Pictures found in the material must be left out, and every line returned as written.

## Dataset section
━━━

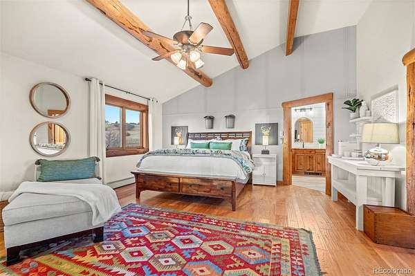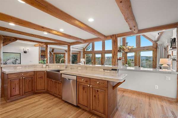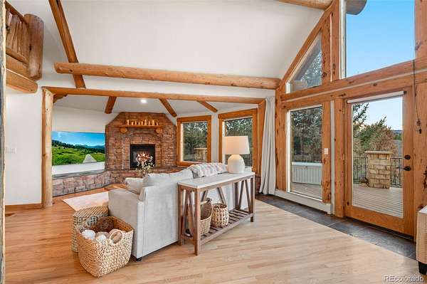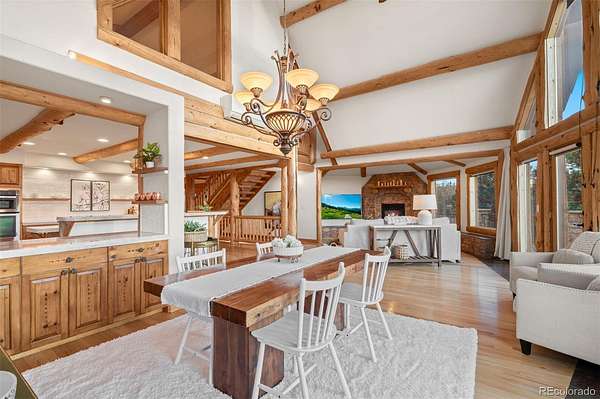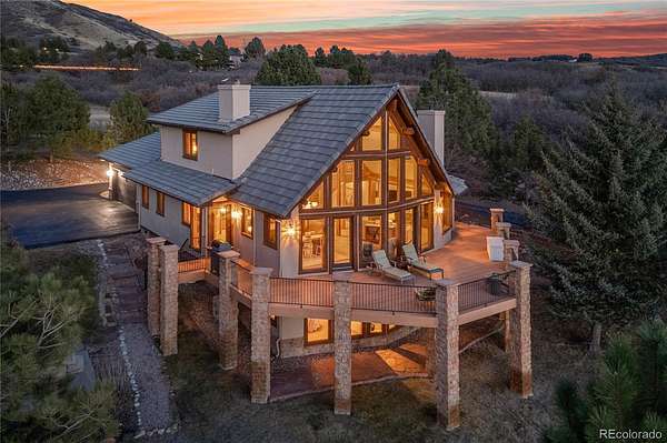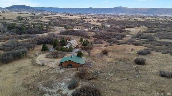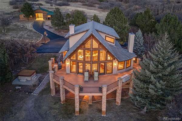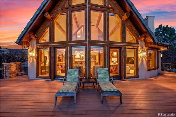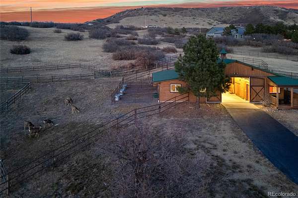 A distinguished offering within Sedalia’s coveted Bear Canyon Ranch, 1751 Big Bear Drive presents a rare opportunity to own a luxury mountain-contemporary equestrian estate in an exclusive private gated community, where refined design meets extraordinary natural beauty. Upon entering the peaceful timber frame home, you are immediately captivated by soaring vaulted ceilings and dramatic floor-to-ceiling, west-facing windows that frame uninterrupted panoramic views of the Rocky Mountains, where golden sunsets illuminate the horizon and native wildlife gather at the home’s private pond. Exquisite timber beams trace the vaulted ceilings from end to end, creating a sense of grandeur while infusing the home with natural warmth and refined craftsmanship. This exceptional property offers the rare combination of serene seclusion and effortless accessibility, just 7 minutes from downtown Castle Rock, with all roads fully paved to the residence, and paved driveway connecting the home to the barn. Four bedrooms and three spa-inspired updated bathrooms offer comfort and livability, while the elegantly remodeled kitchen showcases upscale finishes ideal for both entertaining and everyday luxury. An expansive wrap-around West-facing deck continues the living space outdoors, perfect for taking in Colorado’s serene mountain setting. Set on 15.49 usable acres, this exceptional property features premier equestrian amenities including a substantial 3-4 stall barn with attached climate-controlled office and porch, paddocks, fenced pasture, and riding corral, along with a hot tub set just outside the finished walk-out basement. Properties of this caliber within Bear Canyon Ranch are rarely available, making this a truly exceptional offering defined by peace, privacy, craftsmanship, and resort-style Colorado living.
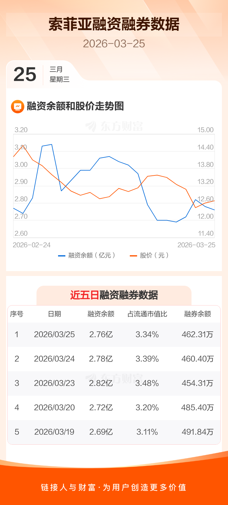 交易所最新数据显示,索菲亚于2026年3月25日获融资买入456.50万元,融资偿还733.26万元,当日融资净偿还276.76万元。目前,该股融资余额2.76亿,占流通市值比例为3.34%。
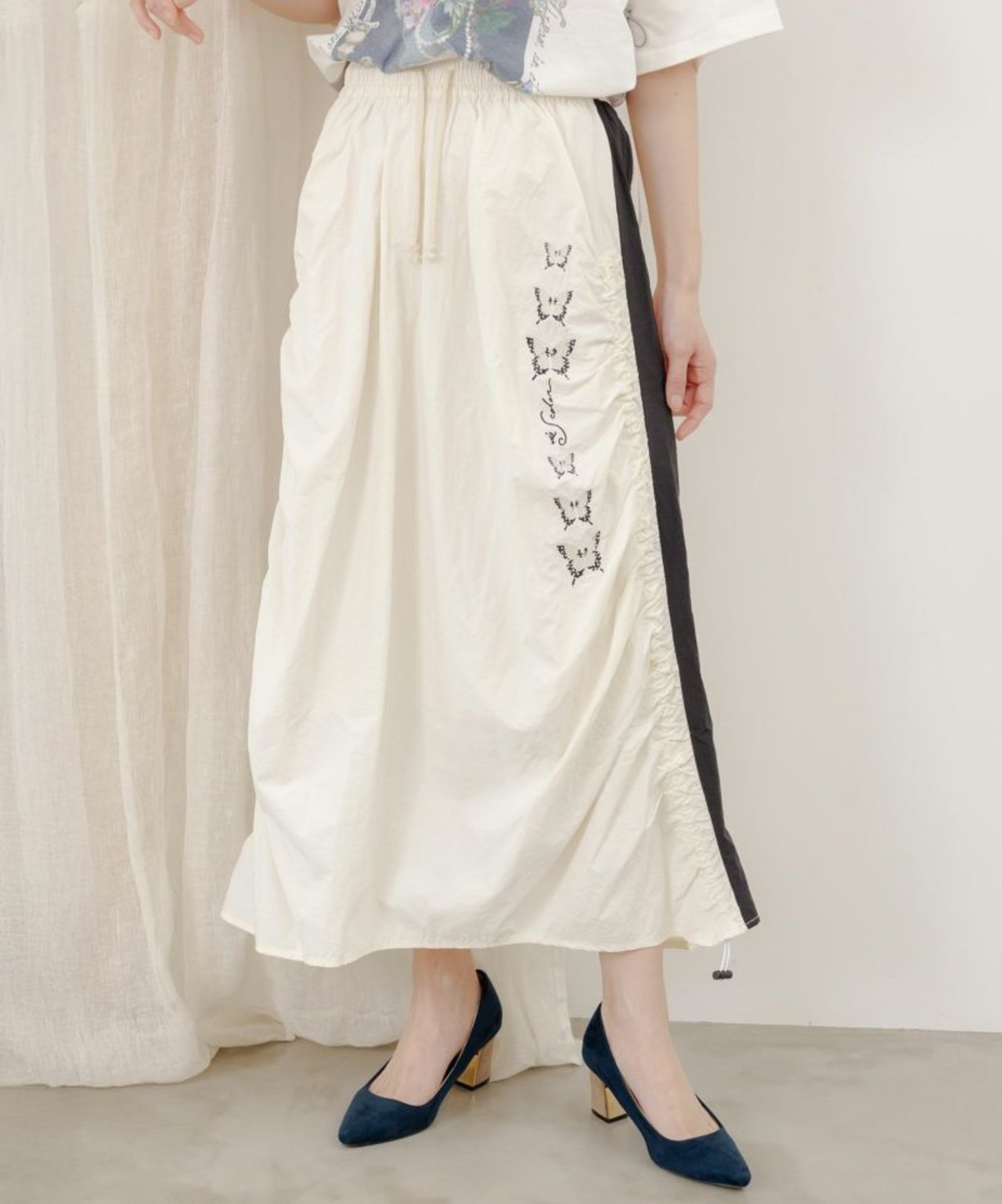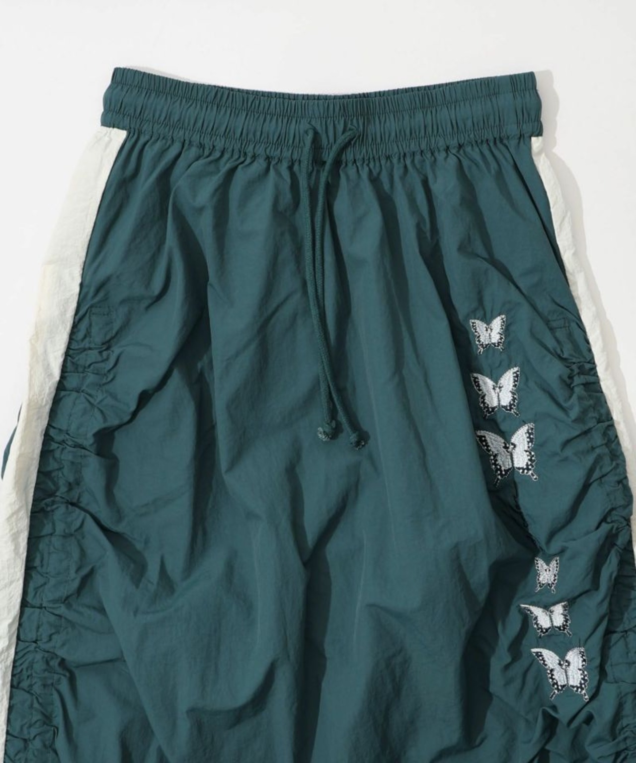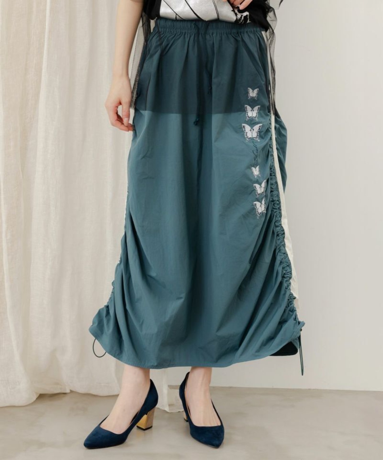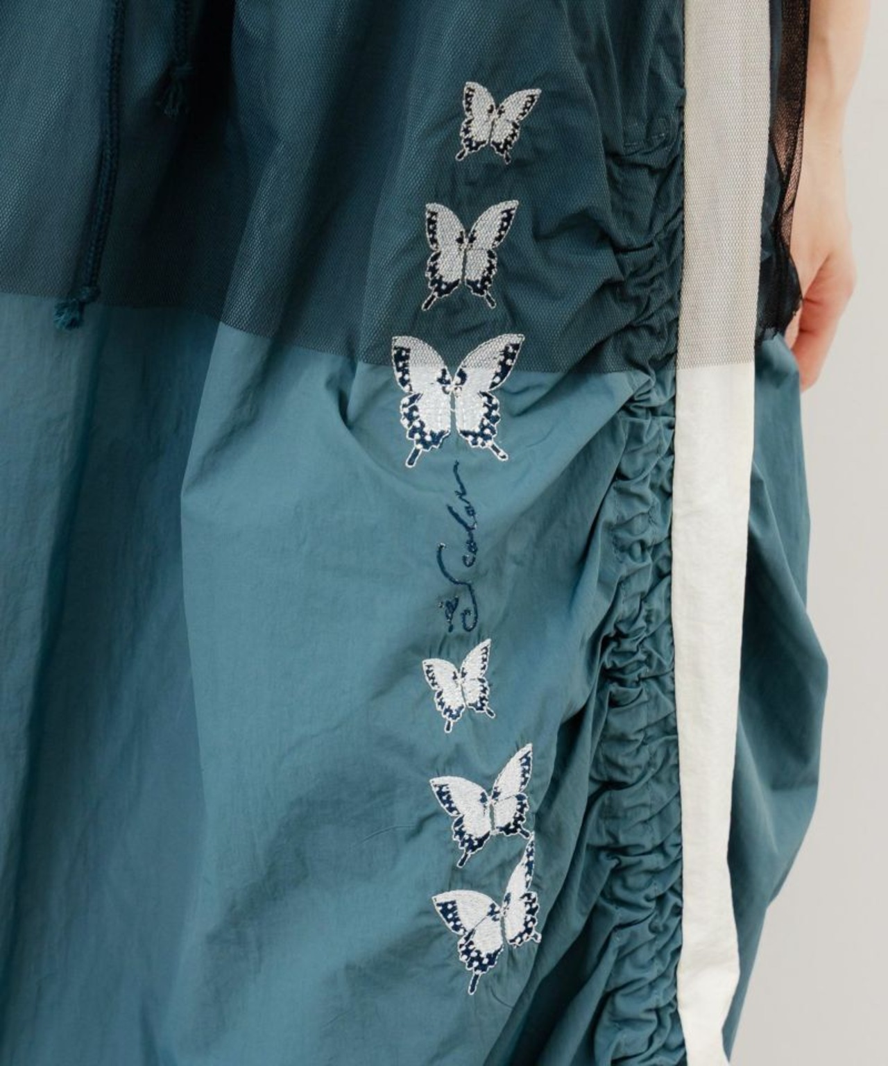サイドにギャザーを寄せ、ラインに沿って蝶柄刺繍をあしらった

━━━

## Your solution
 A distinguished offering within Sedalia’s coveted Bear Canyon Ranch, 1751 Big Bear Drive presents a rare opportunity to own a luxury mountain-contemporary equestrian estate in an exclusive private gated community, where refined design meets extraordinary natural beauty. Upon entering the peaceful timber frame home, you are immediately captivated by soaring vaulted ceilings and dramatic floor-to-ceiling, west-facing windows that frame uninterrupted panoramic views of the Rocky Mountains, where golden sunsets illuminate the horizon and native wildlife gather at the home’s private pond. Exquisite timber beams trace the vaulted ceilings from end to end, creating a sense of grandeur while infusing the home with natural warmth and refined craftsmanship. This exceptional property offers the rare combination of serene seclusion and effortless accessibility, just 7 minutes from downtown Castle Rock, with all roads fully paved to the residence, and paved driveway connecting the home to the barn. Four bedrooms and three spa-inspired updated bathrooms offer comfort and livability, while the elegantly remodeled kitchen showcases upscale finishes ideal for both entertaining and everyday luxury. An expansive wrap-around West-facing deck continues the living space outdoors, perfect for taking in Colorado’s serene mountain setting. Set on 15.49 usable acres, this exceptional property features premier equestrian amenities including a substantial 3-4 stall barn with attached climate-controlled office and porch, paddocks, fenced pasture, and riding corral, along with a hot tub set just outside the finished walk-out basement. Properties of this caliber within Bear Canyon Ranch are rarely available, making this a truly exceptional offering defined by peace, privacy, craftsmanship, and resort-style Colorado living.
 交易所最新数据显示,索菲亚于2026年3月25日获融资买入456.50万元,融资偿还733.26万元,当日融资净偿还276.76万元。目前,该股融资余额2.76亿,占流通市值比例为3.34%。
サイドにギャザーを寄せ、ラインに沿って蝶柄刺繍をあしらった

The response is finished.